MARTA brought in an outside employment attorney to investigate, Janine Willis of Mozley, Finlayson & Loggins.
Hutchinson denied the claims, though he again acknowledged complimenting the woman’s hair.
The woman provided names of witnesses to some incidents. Under questioning, they didn’t back up her accounts of comments and situations, or they said they didn’t think their boss had been out of line, the investigative report said.
While ruling the woman’s claims unsubstantiated, the outside attorney nevertheless acknowledged similarities to the earlier complaint.
“Although neither (woman’s) claims could be corroborated,” the report said, “we find that there are now two reports of comments allegedly made by Hutchinson which could be deemed offensive and, if true, reflect at least a lack of sensitivity to issues of race in the workplace.”
Both women who came forward saw their careers at MARTA derailed.
In response to the 2016 complaint, one of Hutchinson’s upper managers produced documents portraying the woman as on the verge of being fired, having cost MARTA tens of thousands of dollars by mismanaging contracts. But Inclusion Strategy would later cast doubt on how “a managerial employee who was seemingly performing well enough to merit a promotion and salary increase … suddenly was unable to meet the requirements of her position.”

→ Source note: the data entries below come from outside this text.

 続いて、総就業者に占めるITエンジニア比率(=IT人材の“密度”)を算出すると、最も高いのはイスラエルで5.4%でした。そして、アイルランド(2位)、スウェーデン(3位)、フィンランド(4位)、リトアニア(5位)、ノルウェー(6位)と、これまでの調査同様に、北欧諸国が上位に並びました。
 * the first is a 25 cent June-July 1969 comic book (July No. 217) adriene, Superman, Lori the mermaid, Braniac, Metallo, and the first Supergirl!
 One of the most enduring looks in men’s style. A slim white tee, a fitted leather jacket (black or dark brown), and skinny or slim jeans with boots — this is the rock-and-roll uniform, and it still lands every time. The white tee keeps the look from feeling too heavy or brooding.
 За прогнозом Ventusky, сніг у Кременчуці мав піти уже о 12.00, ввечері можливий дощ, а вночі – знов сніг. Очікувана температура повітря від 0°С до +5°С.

When Hutchinson spoke to the outside attorney about the second accuser, he described her as “difficult” and said she faced termination over attitude problems and conflicts with co-workers, the report says. Four months after the CFO was cleared of sexual harassment, MARTA fired the woman over performance issues.

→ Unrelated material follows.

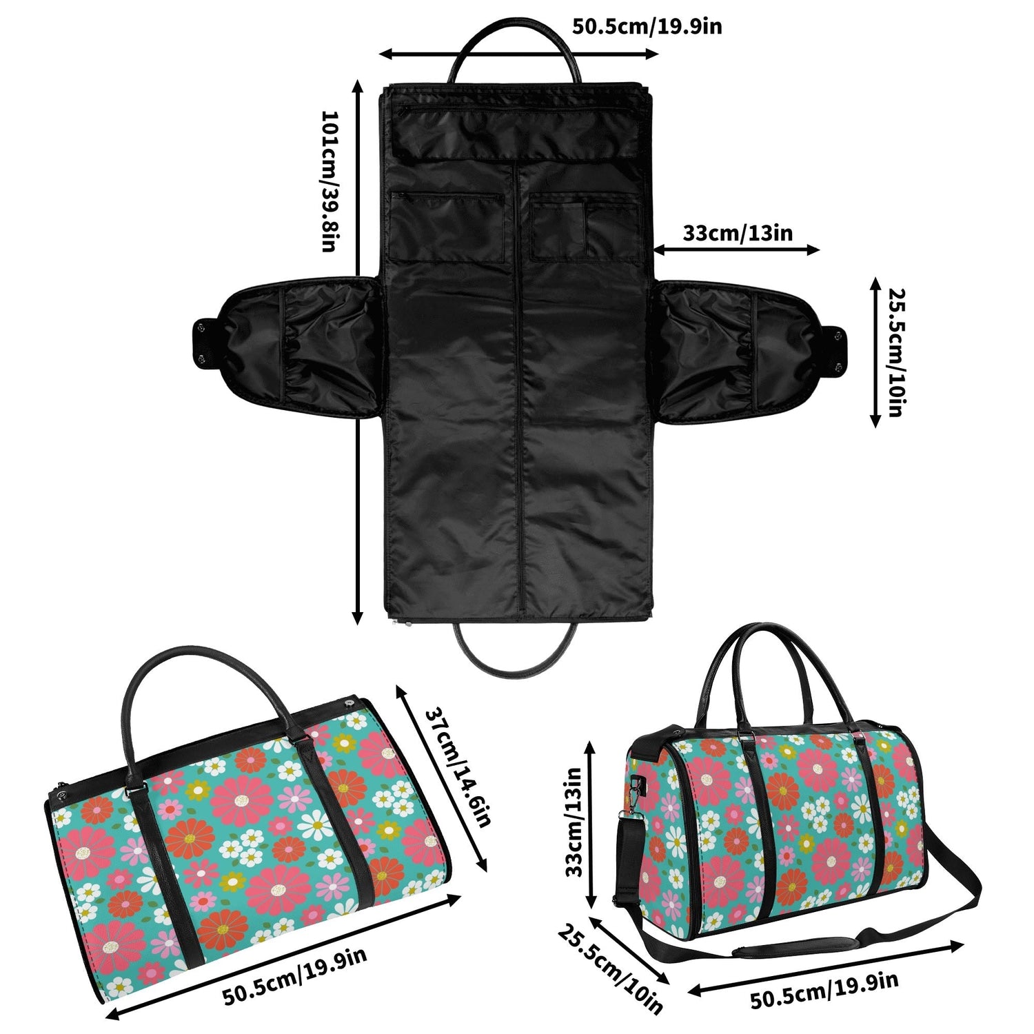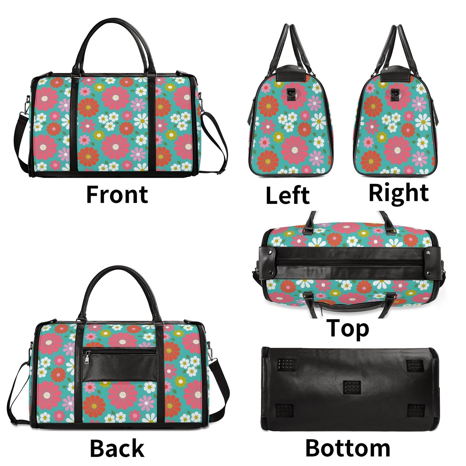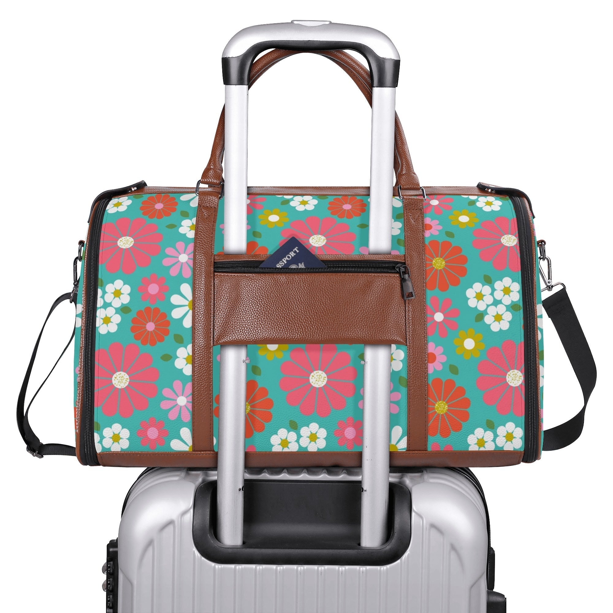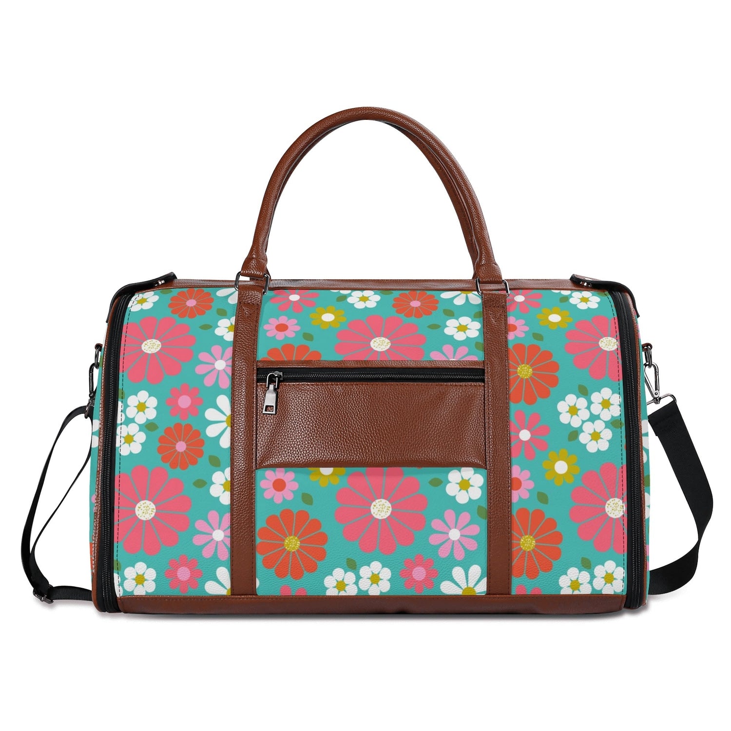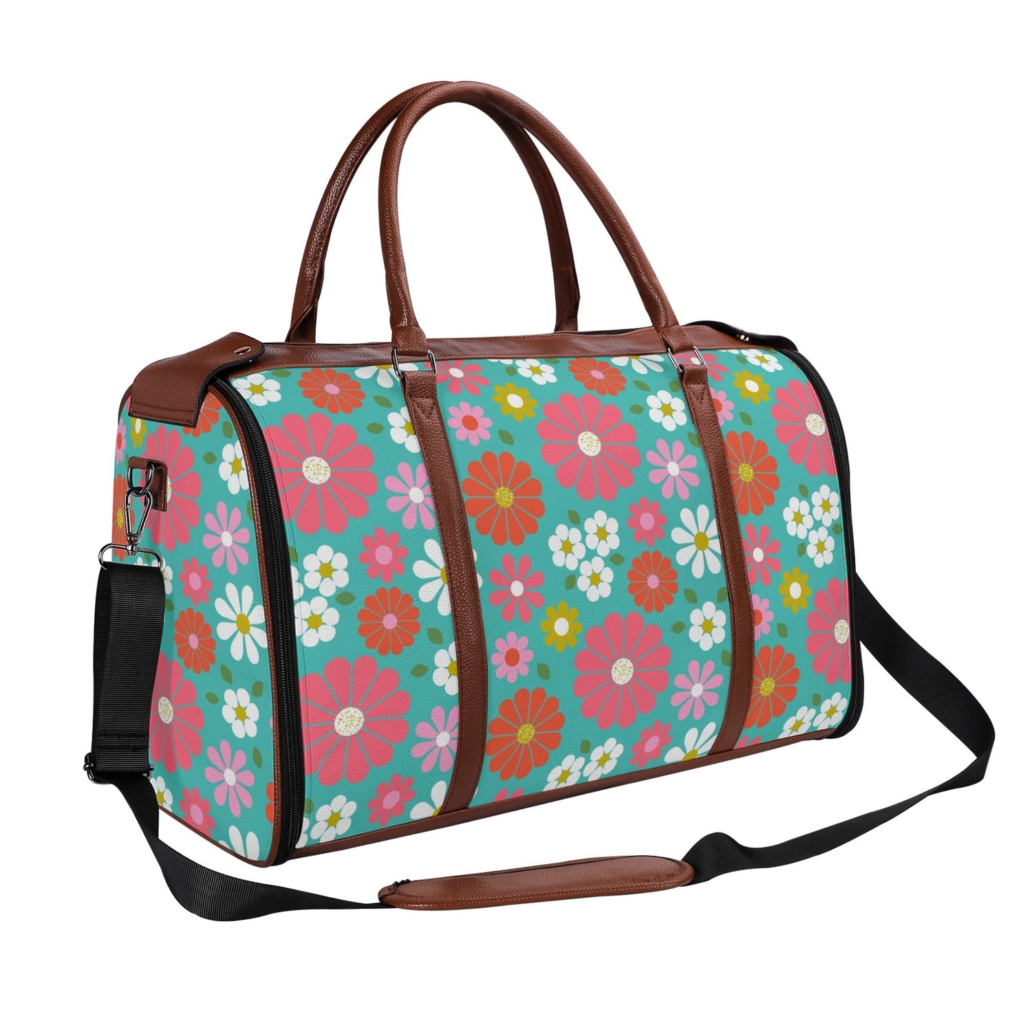 Get your groove on with this far-out 70s flower power duffel bag! Bursting with bold daisies in bright pink, orange, yellow, and teal, this retro-chic weekender is a must-have for vintage-loving travelers. Spacious, durable, and foldable, it's the perfect carry-on for road trips, festivals, or weekend getaways. A totally fab statement piece for anyone who digs that nostalgic mod vibe!

Hutchinson was recommended to undergo race- and gender-sensitivity training.
Wise, the employment attorney, said the investigators appear to have overlooked common threads in the two cases that should have given the women credibility.
“For sure at that point, you’ve got to have some kind of discipline,” Wise said. “Training isn’t discipline.”

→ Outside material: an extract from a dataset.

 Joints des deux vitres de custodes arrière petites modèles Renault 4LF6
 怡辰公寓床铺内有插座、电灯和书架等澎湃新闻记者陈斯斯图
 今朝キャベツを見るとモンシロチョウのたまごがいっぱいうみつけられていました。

Warnings about MARTA’s CFO
From Inclusion Strategy Solutions, an outside personnel consultant, in January 2017:
- In an interview session, Chief Financial Officer Gordon Hutchinson was "somewhat agitated when the session began. He cut me off repeatedly and recited a litany on the many 'false claims' filed by employees who do not want to work. When I reminded him that we were not meeting to review the details of these matters, he responded, 'The devil is in the details. I work in details!'"
- The firm's conclusion: "Mr. Hutchinson presents a considerable risk to MARTA … He is very quick to anger and resists authority, as was made apparent by his refusal to complete the essay section of the quiz."
- Recommendation: Hutchinson should undergo an assessment with a certified executive coach to determine his commitment to changing, and all supervisory and management staff in the finance division should undergo instructor-led training.
----
From attorney Janine Willis of Mozley, Finlayson & Loggins, hired to investigate a sexual harassment and hostile work environment complaint, in November 2018:
- Finding: "Although (the woman's) allegations were generally not corroborated by the witnesses identified, and we do not find any basis for a 'hostile work environment' claim based on these facts, we note that Hutchinson presents a risk to the Authority given his direct and confrontational management style …"
- Recommendation: Hutchinson should undergo race- and gender-based sensitivity training and "be counseled against commenting on women's looks, attire, or hair, or offering personalized non-work related comments to avoid future misunderstanding; and that Hutchinson be cautioned as to the effect his conduct may have on the Authority and the necessity for change with respect to his management approach."